Finding Balance between sport and my diet, or more specifically what I was ingesting, became a huge part of my life at a very impressionable time. It was throughout my grade 11 year of high school that I began to realize my dreams as an athlete, the person I wanted to be, and what I wanted from my future. At the time, they were to be the best I could be for whatever sports season was coming up next, and work towards getting to play football for a post-secondary team somewhere in Canada.

Early on in my grade 12 year, I fell into “the right crowd”. There was a student a year older than myself who really sparked my dedication to sport. I understood the concept of training hard in the offseason, but it was in watching him that I learned the body, life, and mindset dedication to being my best athletically. During the winter and spring of that school year, I trained with him and 3 others for a 4x400m relay team, coached by the most incredible person I have ever met in my life. By “the right crowd” I mentioned, this is them. Four others who were ready to fully commit to an all out dedication to training for that upcoming track and field season, coupled with the support of an indescribably incredible person (coach).
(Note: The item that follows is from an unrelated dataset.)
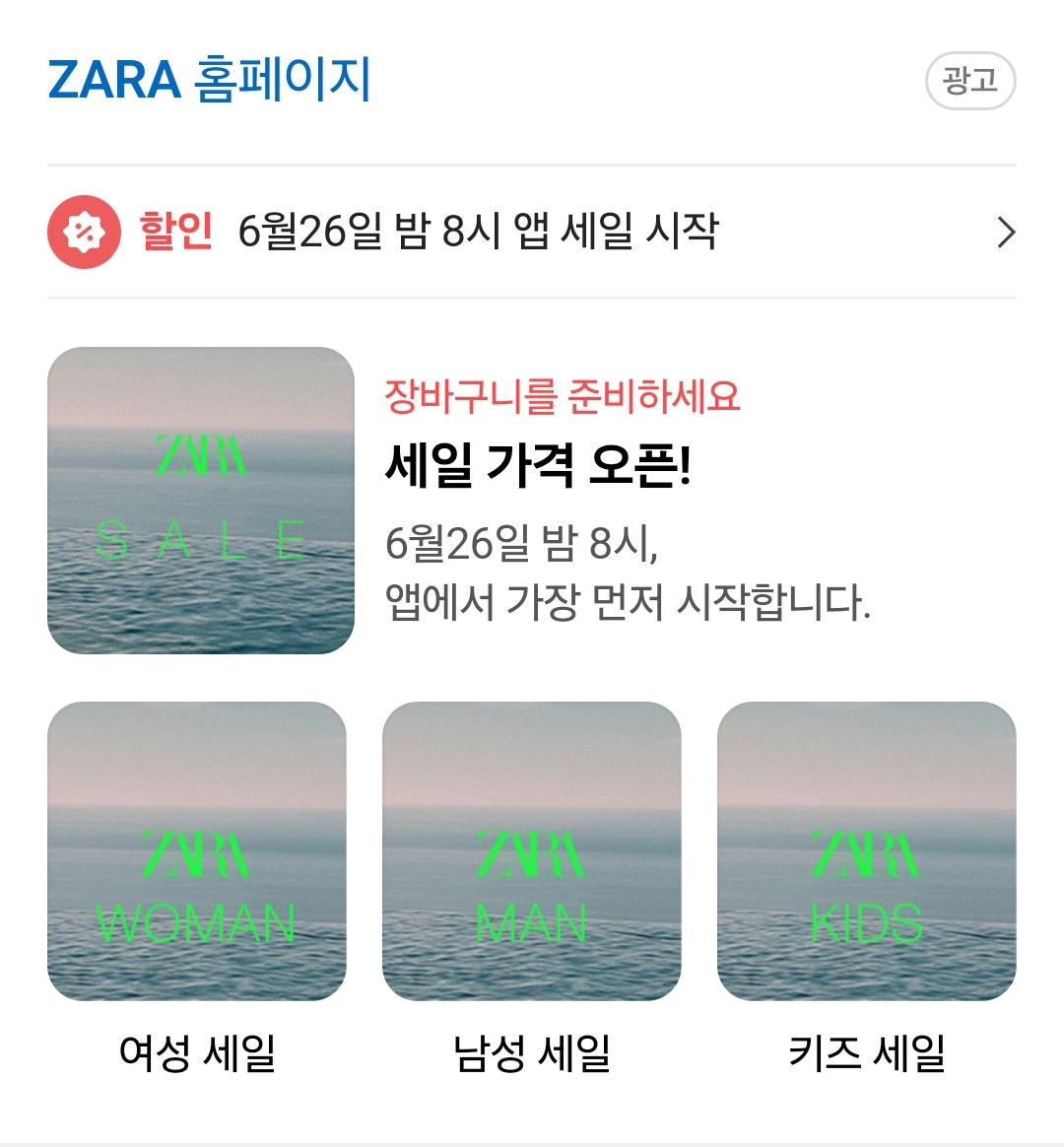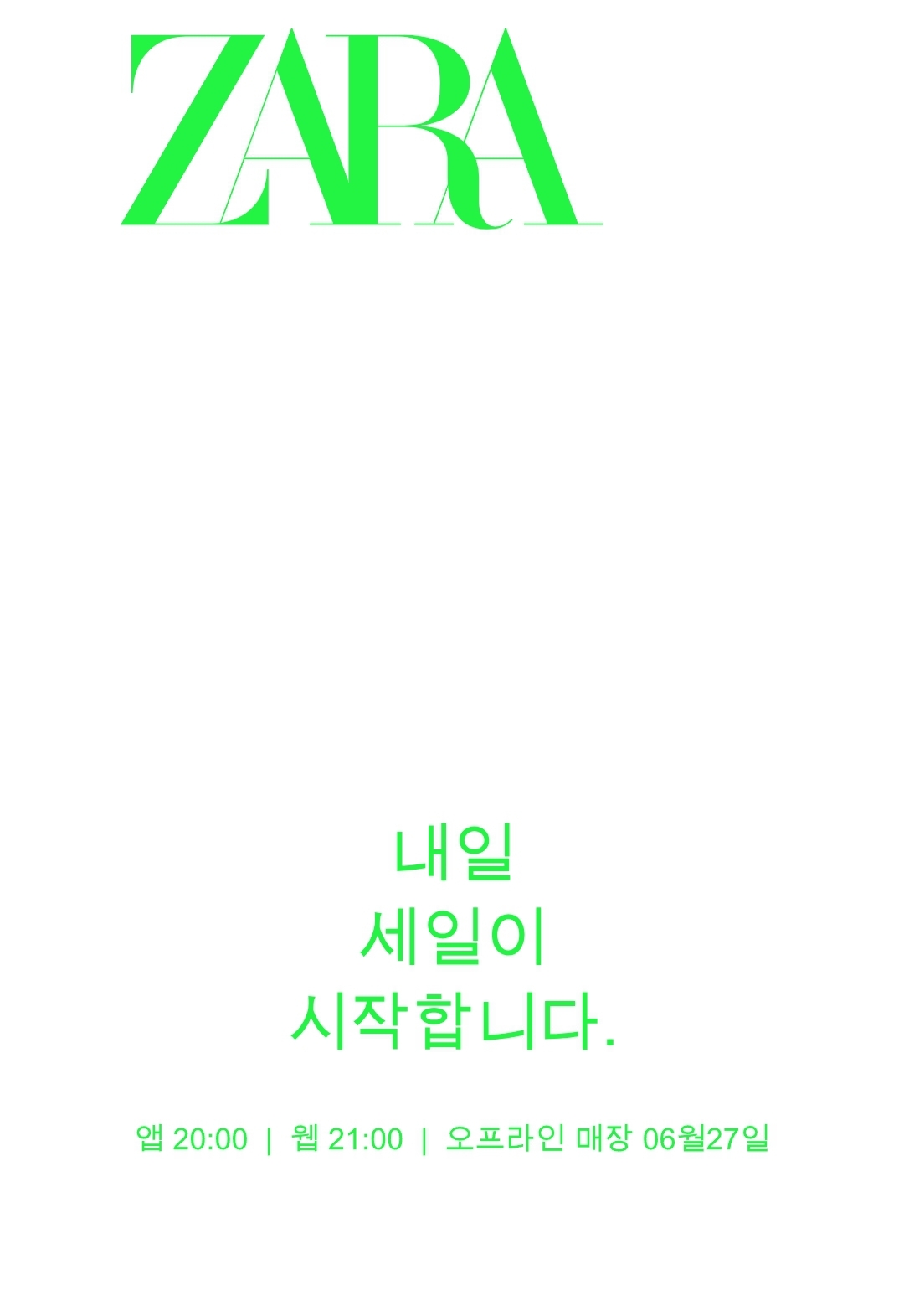 2024년 자라 세일은 6월 26일 수 밤 8시 자라 앱에서 가장 먼저 시작한다고 합니다!

From this older student, I learned a concept that stuck with me to this day and set the mindset for years of success. At some point he said to me, “If whatever you’re doing the night before is affecting your training the next day, then you shouldn’t be doing it”. Pretty black and white, and the context was geared towards drinking, but I took that  logic and applied it to my diet, sleep, and hydration as well. I turned that saying into a more general question that I could check in with myself on; “Is this helping me (achieve my goals)?”. This lead me on a path of a relatively dry journey through college, university, and beyond. As I said, this atmosphere was around me at a time in my life when I was discovering me. It was easy to incorporate this mentality into a relatively blank slate, especially when my closest friends were doing the same.

I continued my journey through college and university without a lot of drinking. It was impossible to justify in season, and out of season a Saturday night spent drinking would have a negative effect on my recovery and ability to train in the upcoming week. Lack of sleep, anti-hydration, and occasionally a loss of appetite the day after. However, my choosing to not drink throughout those years resulted in the accidental decision to not socialize. I skipped team outings and countless more casual evenings because I didn’t want to drink. When I did go, I was having to turn down the onslaught of offers to join someone for a drink, or to defend myself against the all too common question; “where’s your drink?”. In my mind at the time, the alternative to not going out was to follow the herd. So the choice was clear and obvious. Don’t go. (Yes, there are feelings of regret).

I have since found more of a balanced path. It’s easier now though, because those who have been around me for years have come to expect my not drinking, and those that are new to my life or I am meeting for the first time are far more accepting of my decision. The ease of the latter didn’t come until people were able to justify my decision in their own minds. Usually with something to do about me playing in the CFL or being an Olympic athlete. Occasionally they even assume my response before I can tell them. But this ease of response didn’t occur until I had achieved this “status” of two sport pro athlete.

Ideally the understanding would have occurred long before achieving my goal, and hopefully the type of goal (or reasoning) becomes irrelevant to the public for those wishing to make a similar decision, finding their balance.